* What the exercise asks *
Copy down every line of the data that follows exactly. Omit the pictures.

Recorded data Start Marker

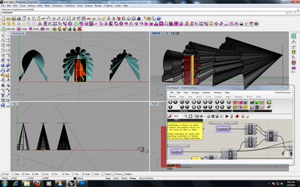 A simple Grasshopper script, 'OrientToCamera', was used to make bitmap billboard plane (lady) face camera wherever it moves.
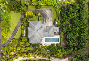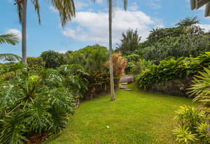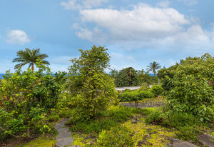 Mature plantings include palm trees, ornamentals and a cornucopia of tropical fruits.
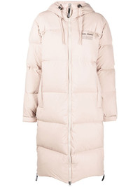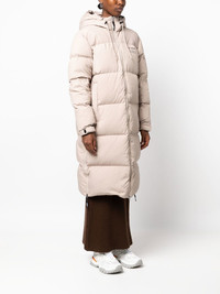 Lumia Down Puffer Coat beige feather down logo print at the chest drawstring hood high neck front zip fastening two side slit pockets long sleeves straight hem mid-length Conscious: We've partnered with Good On You – an ethical agency that rates how sustainably brands perform. This item comes from a brand that performs well in relation to their impact on the planet. Imported Composition Body: Recycled Polyester 100% SIZE & FIT Model measurements Height 5 ft 10 in(1.78 m) Bust/Chest 31.49 in(80 cm) Hips 37 in(94 cm) Waist 23.62 in(60 cm) Measurement SLEEVE LENGTH 26.37 in(67 cm) LENGTH 45.66 in(116 cm) WAIST 53.54 in(136 cm) BUST 52.75 in(134 cm) Shoulder Width 20.86 in(53 cm) FittingInformation This piece fits true to size. We recommend you get your regular size Cut for a loose fit Made with a mid-weight non-stretch fabric Washing instructions Dry Clean Only

Recorded data End Marker

* Answer box *
 A simple Grasshopper script, 'OrientToCamera', was used to make bitmap billboard plane (lady) face camera wherever it moves.
 Mature plantings include palm trees, ornamentals and a cornucopia of tropical fruits.
 Lumia Down Puffer Coat beige feather down logo print at the chest drawstring hood high neck front zip fastening two side slit pockets long sleeves straight hem mid-length Conscious: We've partnered with Good On You – an ethical agency that rates how sustainably brands perform. This item comes from a brand that performs well in relation to their impact on the planet. Imported Composition Body: Recycled Polyester 100% SIZE & FIT Model measurements Height 5 ft 10 in(1.78 m) Bust/Chest 31.49 in(80 cm) Hips 37 in(94 cm) Waist 23.62 in(60 cm) Measurement SLEEVE LENGTH 26.37 in(67 cm) LENGTH 45.66 in(116 cm) WAIST 53.54 in(136 cm) BUST 52.75 in(134 cm) Shoulder Width 20.86 in(53 cm) FittingInformation This piece fits true to size. We recommend you get your regular size Cut for a loose fit Made with a mid-weight non-stretch fabric Washing instructions Dry Clean Only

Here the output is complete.